CARspec recently had the opportunity to address a concern another local shop couldn’t resolve – occasionaly while accelerating on dry pavement, with our without turning the steering wheel, the vehicle stability control (VSC) system would activate. The VSC light would blink, the traction control would take over the engine’s output and the ABS would sometimes engage. The owner noted the ABS locked the brakes up once during the malfunction. There were no stored trouble codes, the problems only acted out intermittently and previous mechanics had declined to try and tackle the issue any farther.

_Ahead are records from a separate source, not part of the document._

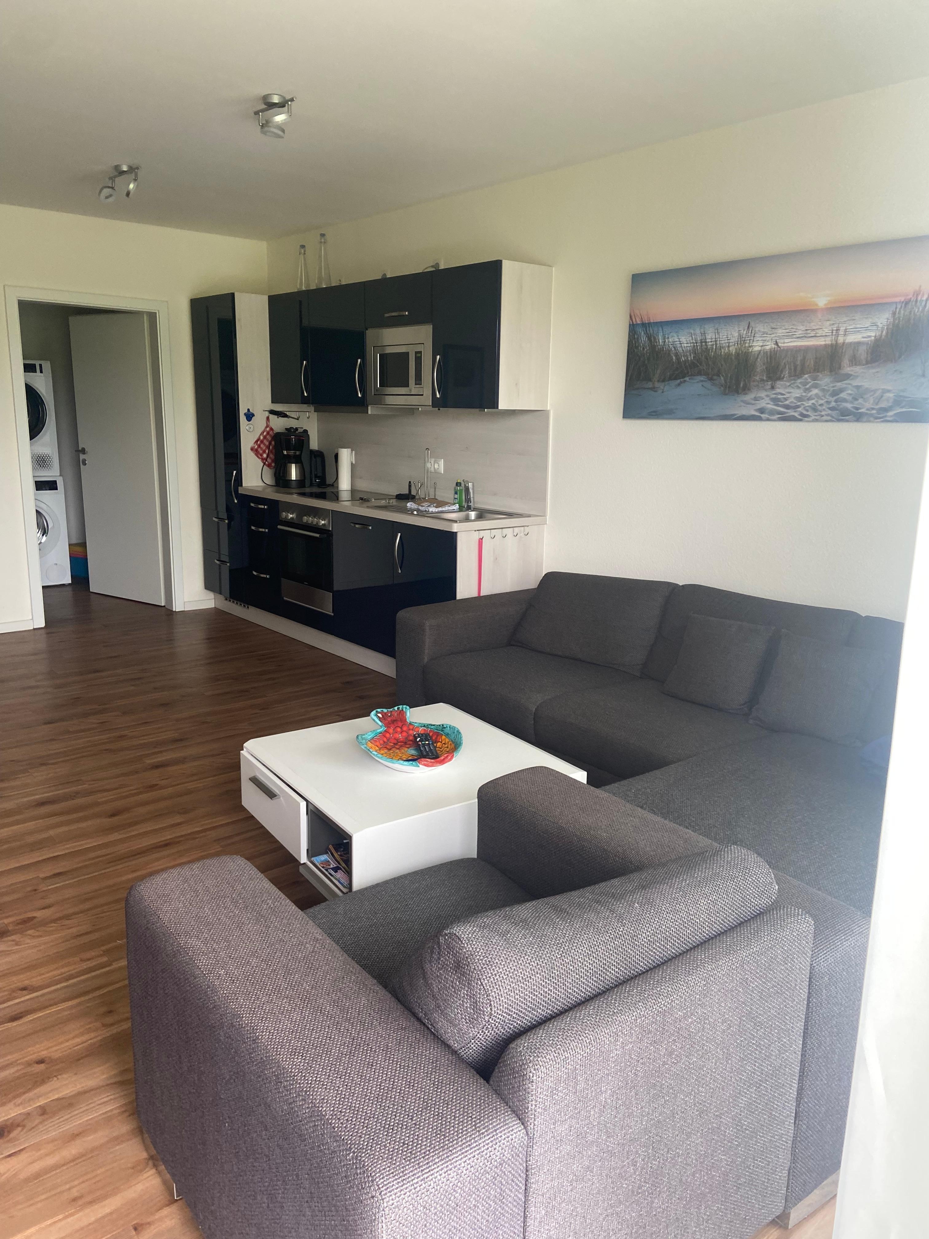 Verbringen Sie ein paar unbeschwerte Tage in unserer 68 mÂČ groĂen Wohnung. Die hochwertige und voll ausgestattete KĂŒche sowie der groĂe und moderne Wohn-/Essbereich lassen keinerlei WĂŒnsche offen.
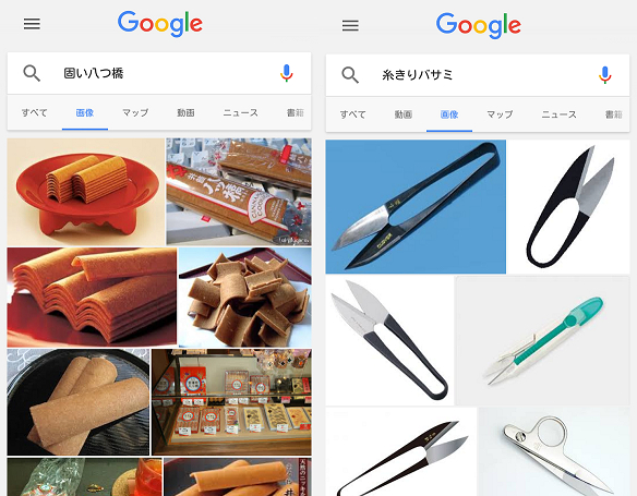 比較用 Google画像検索「固い八つ橋」「糸切バサミ」
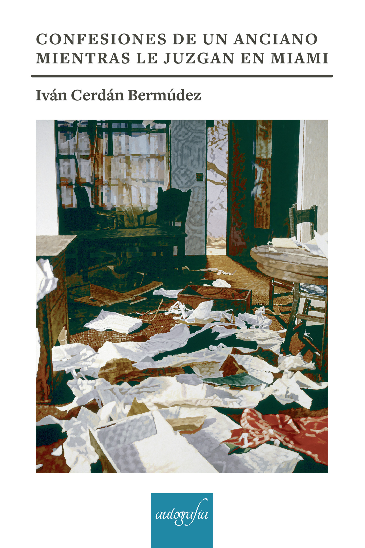 CONFESIONES DE UN ANCIANO MIENTRAS LE JUZGAN EN MIAMI ES MÁS QUE UNA CONFESIÓN, QUE UN JUICIO Y QUE SEA EN MIAMI. PORQUE LA ACCIÓN PUEDE OCURRIR EN CUALQUIER LUGAR. EN LA LITERATURA DE IVÁN CERDÁN TODO ES ARRIESGADO, PULVERIZA LOS GÉNEROS, LOS MUEVE Y LOS RETUERCE, COMO LE RETUERCE AL LECTOR EMPEÑADO EN QUE LA CONVULSIÓN DE LA REALIDAD, EL INTERIOR CAOS DE CADA UNO, LAS PALABRAS QUE SON LAS SOMBRAS QUE ALETEAN EN CADA PÁGINA SE TRANSFORMEN O METAMORFOSEEN COMO ESTELAS EXTRAVAGANTES QUÉ PERSONAJES SOÑADOS Y VIVIDOS PUEBLAN LOS ESPACIOS INVISIBLES DE ESTA OBRA – OCIOSAS Y ATORMENTADAS.
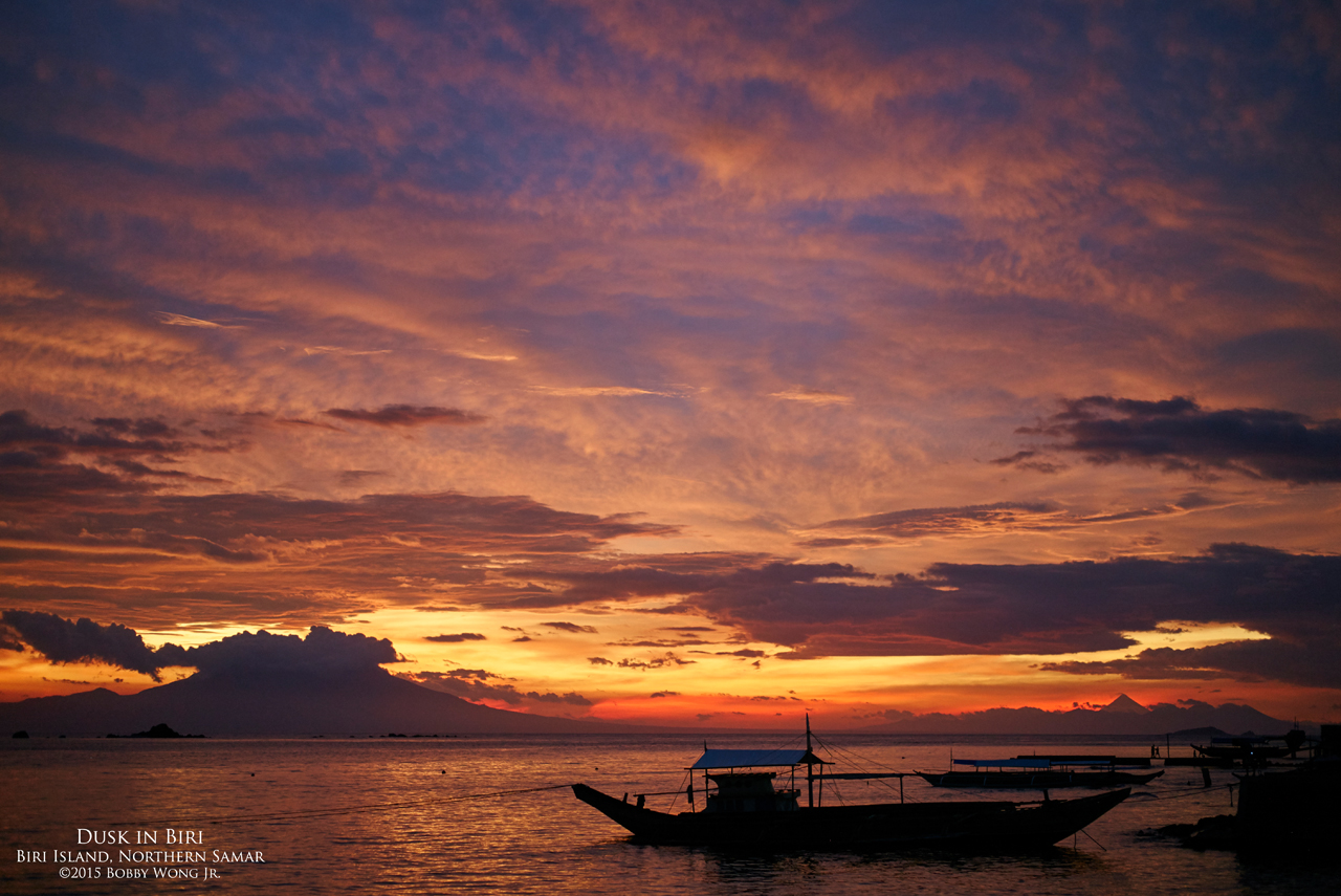 Last week, I shared a postcard I took in Virac Catanduanes, where Mount Mayon made a most unexpected appearance on the horizon. So while we're still on the topic of cameo appearances, today's postcard taken last year might be of interest.The story started at dusk on Biri Island in Northern Samar. But rather than sharing a photograph taken at peak light, when the heavens burned of crimson and vermillion, I chose to share one taken shortly after that, when the most intense colors have faded into a burnt orange. But why?It was only when the colors had faded, that the clouds parted to reveal an unexpected visitor on the horizon. Poised in grace, and peeking from the lower right hand side of my composition, is her majesty herself Mount Mayon. She had watched the entire spectacle with us from over 100 km away in Legaspi City! Now that's a record cameo in any book! Enjoy.(Pixel-peepers: Sometimes, the best photograph is the one with the best story.)
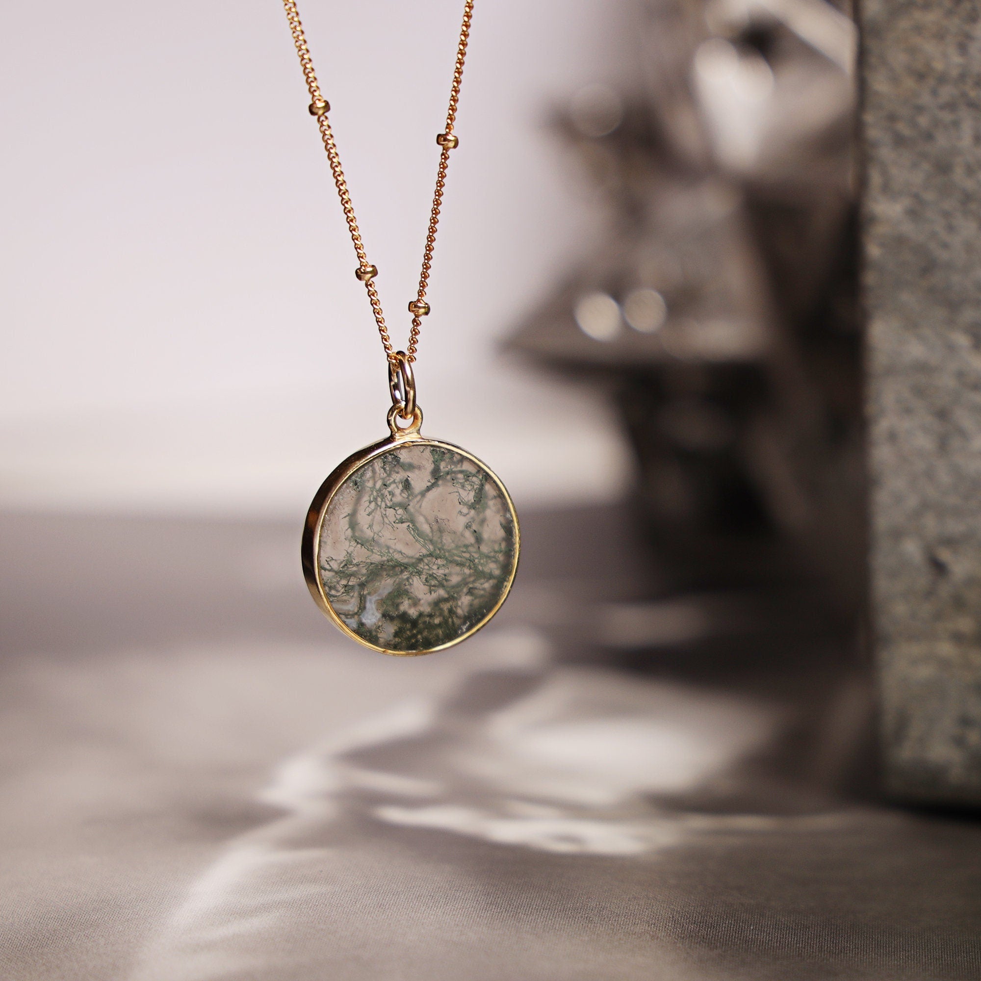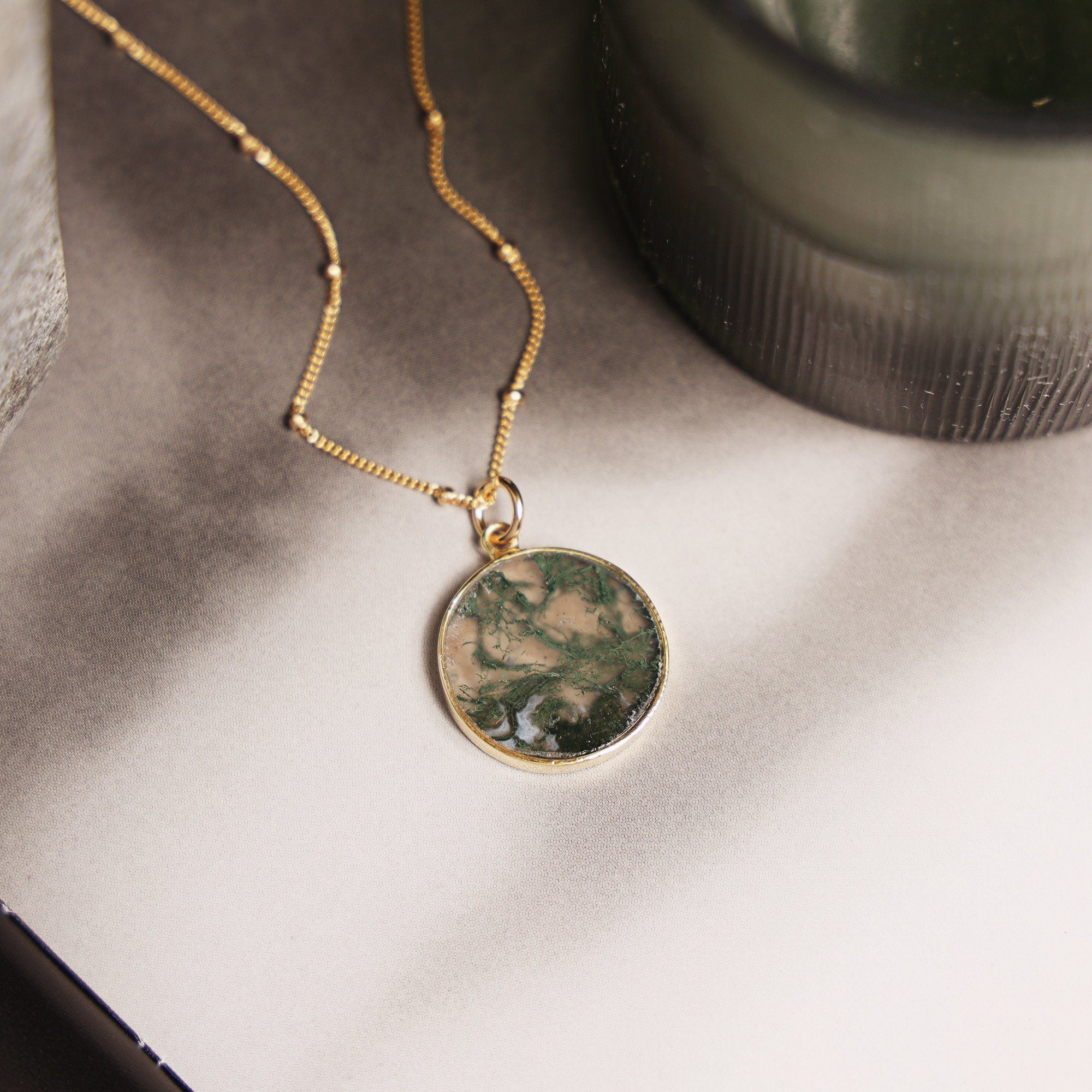 Moss Agate Gold Disc Pendant Necklace (Satellite Chain)

The stability control system uses a suite of deceleration, yaw rate, wheel speed, acceleration, braking, and steering angle sensors to determine the driver’s intent vs. how the car is behaving. If you are attempting to turn slightly to the left and the yaw rate sensor suddenly detects more leftward movement (transitioning from a right bias to a neutral or leftward force), it indicates the vehicle is sliding. The VSC will use the ABS to try and correct the angle of the vehicle by applying individual brake force at the appropriate corner. When it works it is an amazing safety feature.
In this vehicle the root cause was the steering angle sensor intermittently showing the wrong steering angle. The VSC thought the driver had suddenly changed the steering while the rest of the VSC system noted nothing was happening – ie. the steering had changed direction but the car hadn’t. At this point the VSC stepped in and went nuts trying to work with incorrect data.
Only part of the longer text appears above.